I shared this observation with Alexandra's father. (He was then -- in vain -- trying to secure Kushan support for my father's dying -- as it then seemed -- rebellion against Vologases III; while it was through the latter king's mercy that I, instead of having died impaled on a stake, and having subsequently been eaten by vultures, crossed and recrossed India in the Eutydemid footsteps without a care in the world). The old fox, who had fooled for half a century Romans, Jews, Parthians, Siakas, Kushans and Chinese, listened to me with one eye slyly half-closed, and when I finished, asked: "And hat do you know about the art of fortification, son?" I admitted that I knew nothing about it. "Pity. Or maybe rather lucky: lucky -- for you. For your peace of mind, for your self-satisfaction. For if you knew anything about it, and took a careful look at the walls, towers and moats down below there, you would soon lose any desire to laugh at the atavist habits of nomadic blood. You say that Kushans do not understand how to employ the advantages of mountainous terrain? You are wrong, my dear. Rather say this: they can afford not to employ these advantages -- afford to see them as mere inconveniences, rather -- which neither Parthians nor Greeks could ever have afforded. Is that clear? I think not! Your mind is too occupied with the question whether Shakyamuni Gautama was or was not a god, too occupied, I say, to understand such simple things as these."

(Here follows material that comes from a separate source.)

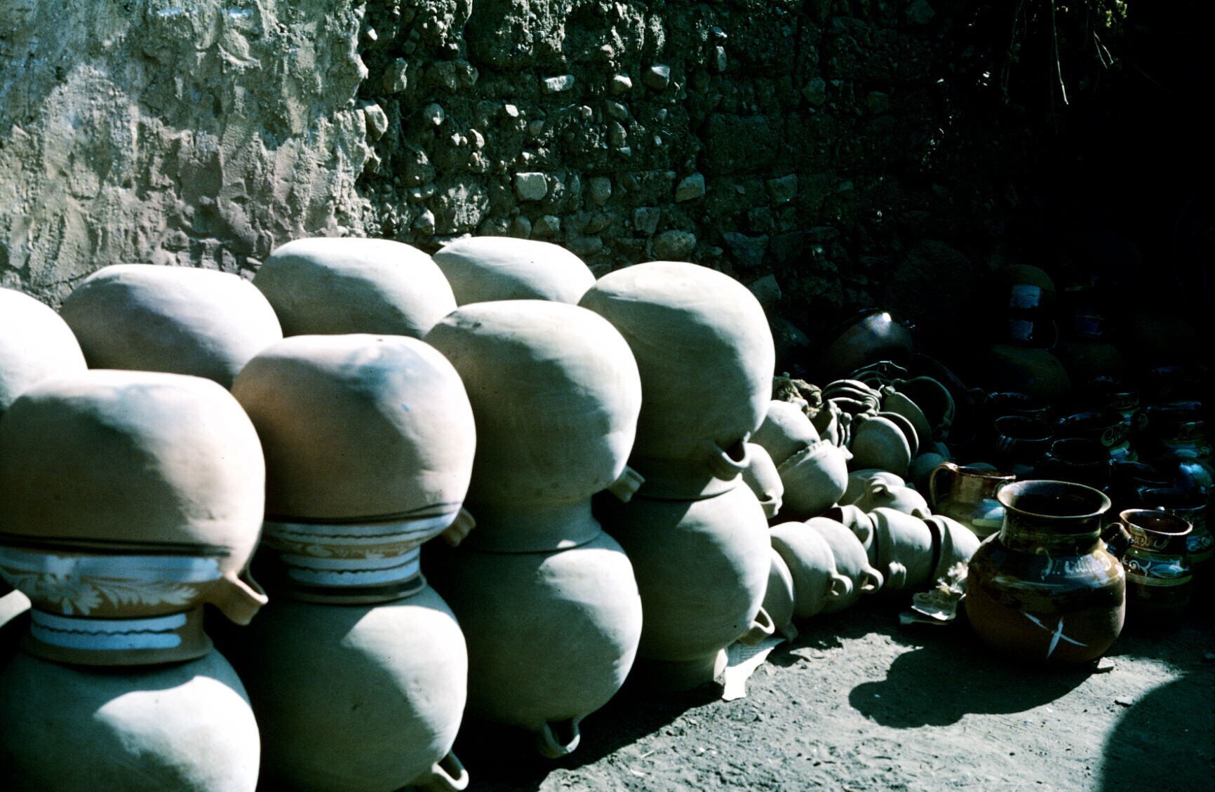 aardewerk op erf Ernesto Castillo, met kerk op achte...

He exaggerated a bit -- as he always did when trying to characterize my mental type; and he did so (by right of being my step-father) at every opportunity. Luckily, he didn't have the opportunity often: after I married Rachela Eratona -- and you know from Alexandra that this happened very early -- I saw my step-father perhaps six, at most seven times over the space of eight years. Afterwards, I was no longer to see him, even if I wanted to, and I did often want to see him: though he was the most cunning devil I have ever known, yet he managed to miscalculate once: he decided to betray my father on the day which he judged to be the day of the rebellion's defeat, while, in fact, it was the day of breakthrough.

For me it was a day of change only to the extent that while up to that day I had been victim of the anger of Vologases III, after that day I became equally victim of an equal anger of Vologases... IV. And never ever after this day, or indeed never ever before this day, have I shed one tear of the sort one might expect an exile to shed: why, exile has its charms, very great charms! One is a martyr -- praise be to Christians, what a useful neologism this is! -- which means that whenever one says or does something displeasing to his hosts, they wink at each other with understanding, sigh and say: "Poor thing! Longing for lost fatherland has unhinged his mind!"

In fact, I did long for something. Not the fatherland, for where is my fatherland? Seleukia? Achaia? Kharakis? Hekatompylos? No. I longed for you.